**Data to process**
[Start of section]
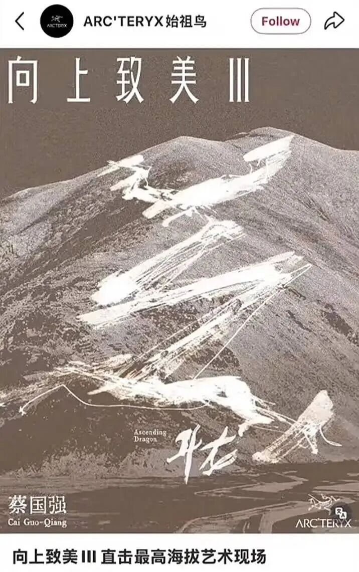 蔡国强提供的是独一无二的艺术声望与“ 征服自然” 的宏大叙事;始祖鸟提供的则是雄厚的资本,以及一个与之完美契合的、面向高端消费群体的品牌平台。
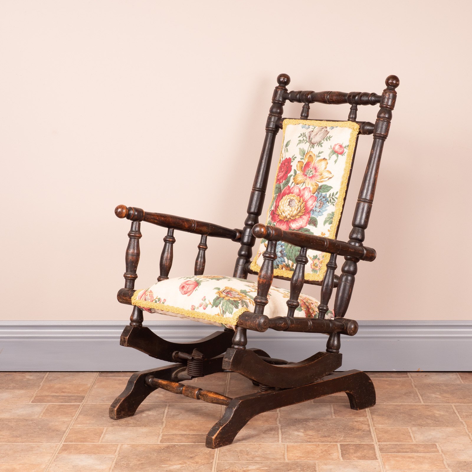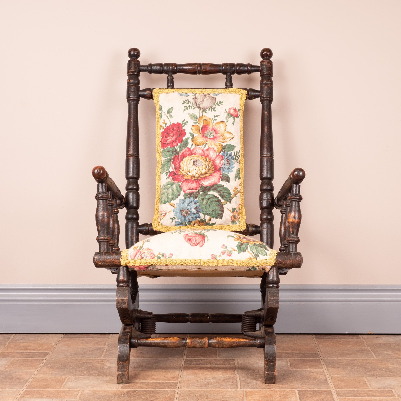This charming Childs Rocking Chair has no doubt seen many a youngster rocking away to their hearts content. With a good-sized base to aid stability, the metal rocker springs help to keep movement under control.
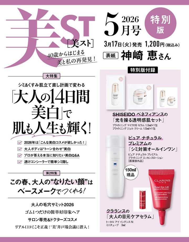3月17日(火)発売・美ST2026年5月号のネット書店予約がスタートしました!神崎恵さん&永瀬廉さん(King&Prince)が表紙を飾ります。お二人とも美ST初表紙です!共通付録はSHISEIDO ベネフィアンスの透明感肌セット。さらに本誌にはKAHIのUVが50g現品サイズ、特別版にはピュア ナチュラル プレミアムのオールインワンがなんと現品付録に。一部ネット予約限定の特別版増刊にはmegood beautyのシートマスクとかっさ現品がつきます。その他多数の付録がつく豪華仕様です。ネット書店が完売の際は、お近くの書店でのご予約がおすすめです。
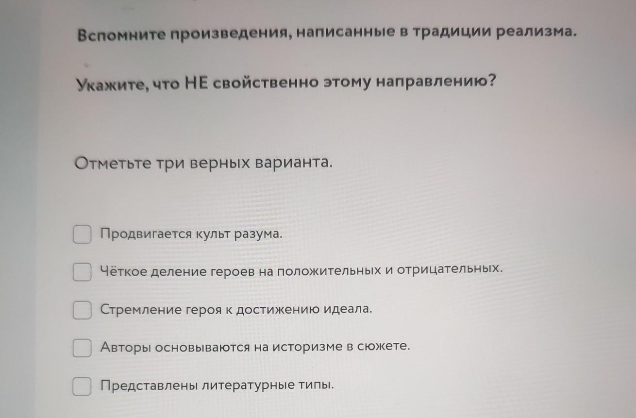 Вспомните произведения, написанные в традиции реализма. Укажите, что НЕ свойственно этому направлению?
[End of section]
[Start of section]
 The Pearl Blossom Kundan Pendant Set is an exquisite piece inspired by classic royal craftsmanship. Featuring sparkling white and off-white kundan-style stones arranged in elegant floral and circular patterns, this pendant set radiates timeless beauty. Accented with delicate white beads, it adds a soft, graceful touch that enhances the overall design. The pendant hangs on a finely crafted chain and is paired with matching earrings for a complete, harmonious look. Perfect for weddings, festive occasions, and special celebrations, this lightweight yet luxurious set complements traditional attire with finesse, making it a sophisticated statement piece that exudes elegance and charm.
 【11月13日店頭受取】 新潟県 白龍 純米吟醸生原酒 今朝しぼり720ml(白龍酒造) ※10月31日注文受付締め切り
[End of section]
**Exercise details**
Exact repeat of the material above: every line from the one with "This charming Childs" through the one with "Вспомните произведения, написанные", endpoints included, and nothing more. No pictures.

**Answer area**
This charming Childs Rocking Chair has no doubt seen many a youngster rocking away to their hearts content. With a good-sized base to aid stability, the metal rocker springs help to keep movement under control.
3月17日(火)発売・美ST2026年5月号のネット書店予約がスタートしました!神崎恵さん&永瀬廉さん(King&Prince)が表紙を飾ります。お二人とも美ST初表紙です!共通付録はSHISEIDO ベネフィアンスの透明感肌セット。さらに本誌にはKAHIのUVが50g現品サイズ、特別版にはピュア ナチュラル プレミアムのオールインワンがなんと現品付録に。一部ネット予約限定の特別版増刊にはmegood beautyのシートマスクとかっさ現品がつきます。その他多数の付録がつく豪華仕様です。ネット書店が完売の際は、お近くの書店でのご予約がおすすめです。
 Вспомните произведения, написанные в традиции реализма. Укажите, что НЕ свойственно этому направлению?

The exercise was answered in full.